* [PROVIDED DATA]
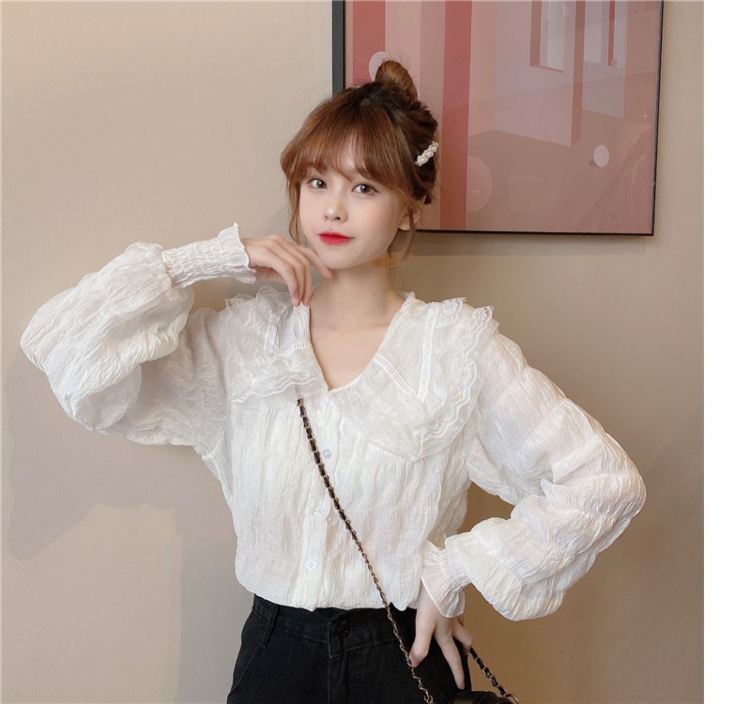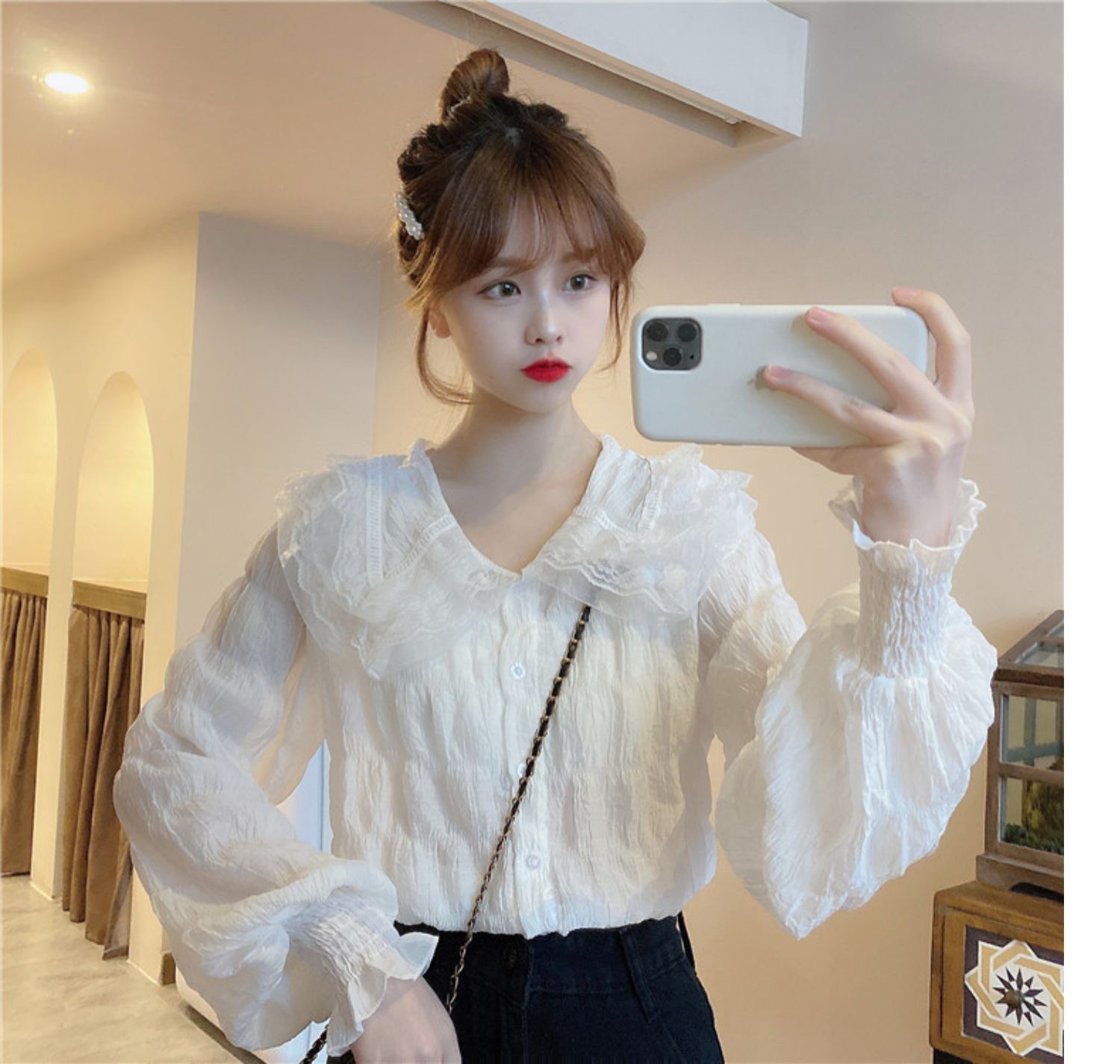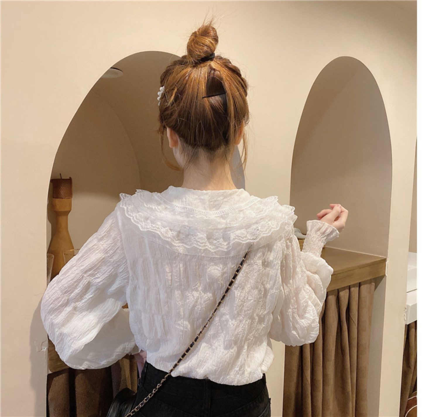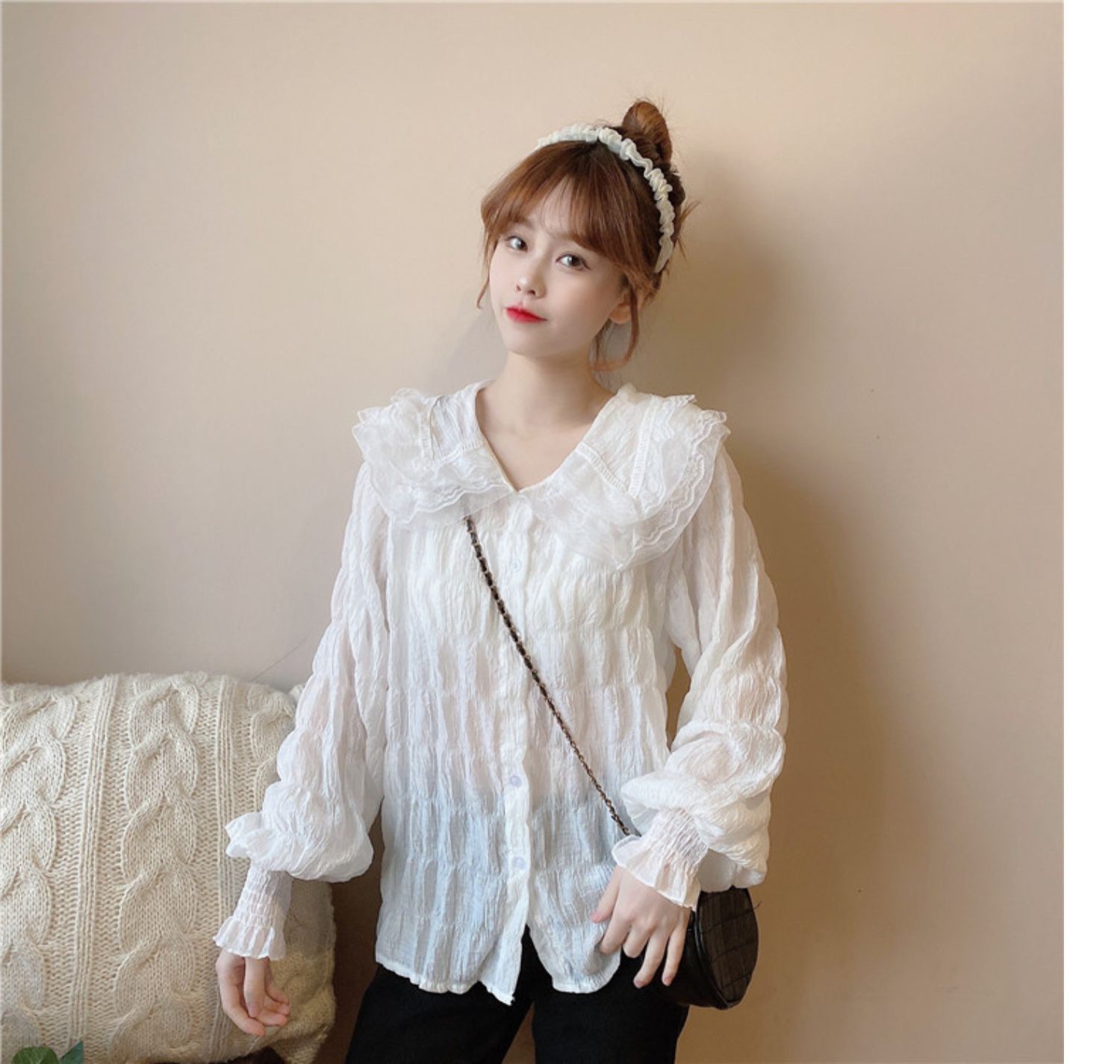인형 칼라 퍼프 소매 셔츠 여성 최고 여성베이스 셔츠 얇은 레이스 쉬폰 셔츠 긴 소매 봄과 가을 작은
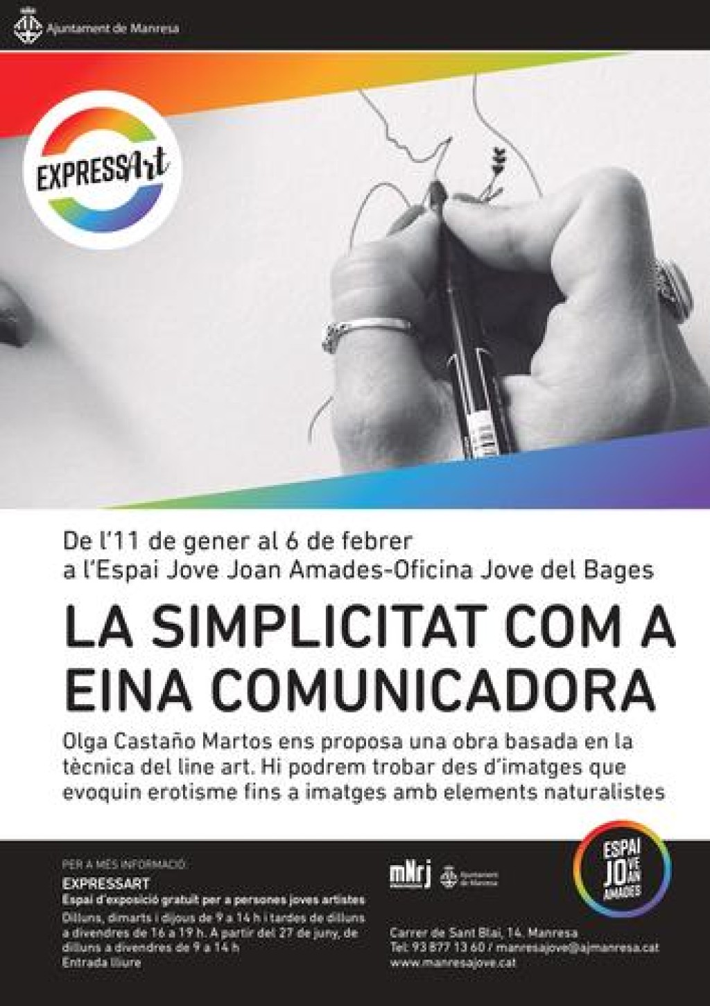 L’Espai Jove Joan Amades acollirà a partir de demà dimecres, 11 de gener, i fins al 6 de febrer, l’exposició “La simplicitat com a eina comunicadora”, de la jove artista Olga Castaño Martos. La mostra es podrà veure a ExpressArt, un espai expositiu per a diverses disciplines artístiques amb la intenció de servir de plataforma per al jovent des d’on donar-se a conèixer al públic.
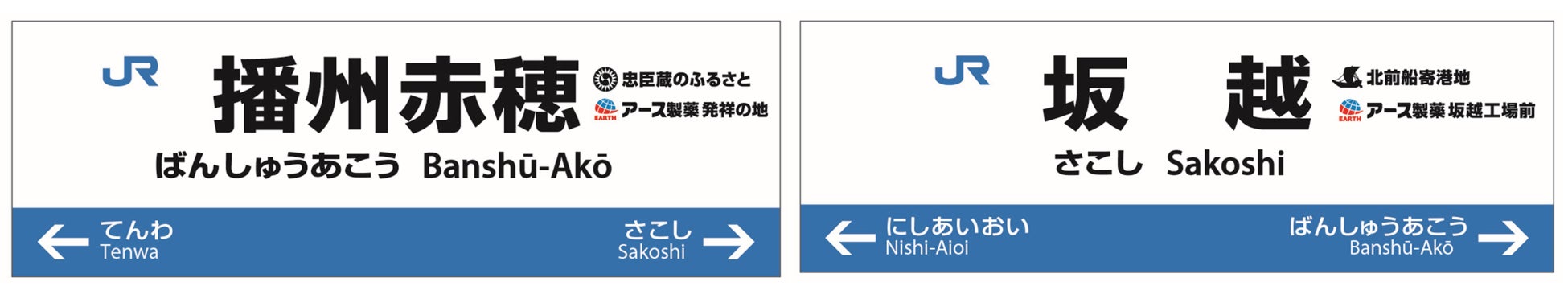 西日本旅客鉄道株式会社(本社:大阪市北区、代表取締役社長:長谷川 一明)、株式会社JR西日本コミュニケーションズ(本社:大阪市北区、代表取締役社長:伊藤 義彦)は、設立100周年を迎えるアース製薬株式会社(本社:東京都千代田区、代表取締役社長 CEO:川端克宜)との取り組みとして、2025年6月4日(水)から、兵庫県赤穂市にある播州赤穂駅と坂越駅で、駅名標を活用した広告として、「忠臣蔵のふるさと アース製薬 発祥の地」(播州赤穂駅)、「北前船寄港地 アース製薬 坂越工場前」(坂越駅)を掲出しました。
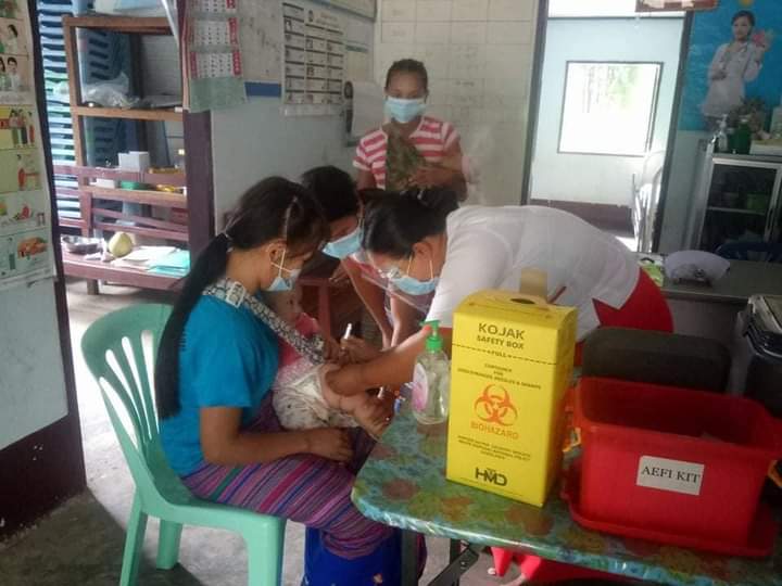 ရှမ်းပြည်နယ်(အရှေ့ပိုင်း)၊ တာချီလိတ်ခရိုင်၊ တာလေမြို့ တွင် အသက်(၁)နှစ်အောက် ကလေးငယ် များအား ပုံမှန်ကာကွယ်ဆေးထိုးခြင်း၊ တိုက်ကျွေးခြင်းများကို စက်တင်ဘာလ ၄ ရက် နံနက်ပိုင်းက တာလေမြို့ နားယောင်းကျေးရွာအုပ်စုအတွင်းရှိ နားအွန်ကျေးရွာ ကျေးလက်ကျန်းမာရေးဌာနခွဲမှ သားဖွားဆရာမ ဒေါ်ခင်ခင်ရီ နှင့် ဝန်ထမ်းများကဆောက်ရွက်ခဲ့သည်။

* [WHAT TO WORK ON]
Skipping any pictures, transcribe the full listing exactly.

* [ANSWER FOR THIS EXERCISE]
인형 칼라 퍼프 소매 셔츠 여성 최고 여성베이스 셔츠 얇은 레이스 쉬폰 셔츠 긴 소매 봄과 가을 작은
 L’Espai Jove Joan Amades acollirà a partir de demà dimecres, 11 de gener, i fins al 6 de febrer, l’exposició “La simplicitat com a eina comunicadora”, de la jove artista Olga Castaño Martos. La mostra es podrà veure a ExpressArt, un espai expositiu per a diverses disciplines artístiques amb la intenció de servir de plataforma per al jovent des d’on donar-se a conèixer al públic.
 西日本旅客鉄道株式会社(本社:大阪市北区、代表取締役社長:長谷川 一明)、株式会社JR西日本コミュニケーションズ(本社:大阪市北区、代表取締役社長:伊藤 義彦)は、設立100周年を迎えるアース製薬株式会社(本社:東京都千代田区、代表取締役社長 CEO:川端克宜)との取り組みとして、2025年6月4日(水)から、兵庫県赤穂市にある播州赤穂駅と坂越駅で、駅名標を活用した広告として、「忠臣蔵のふるさと アース製薬 発祥の地」(播州赤穂駅)、「北前船寄港地 アース製薬 坂越工場前」(坂越駅)を掲出しました。
 ရှမ်းပြည်နယ်(အရှေ့ပိုင်း)၊ တာချီလိတ်ခရိုင်၊ တာလေမြို့ တွင် အသက်(၁)နှစ်အောက် ကလေးငယ် များအား ပုံမှန်ကာကွယ်ဆေးထိုးခြင်း၊ တိုက်ကျွေးခြင်းများကို စက်တင်ဘာလ ၄ ရက် နံနက်ပိုင်းက တာလေမြို့ နားယောင်းကျေးရွာအုပ်စုအတွင်းရှိ နားအွန်ကျေးရွာ ကျေးလက်ကျန်းမာရေးဌာနခွဲမှ သားဖွားဆရာမ ဒေါ်ခင်ခင်ရီ နှင့် ဝန်ထမ်းများကဆောက်ရွက်ခဲ့သည်။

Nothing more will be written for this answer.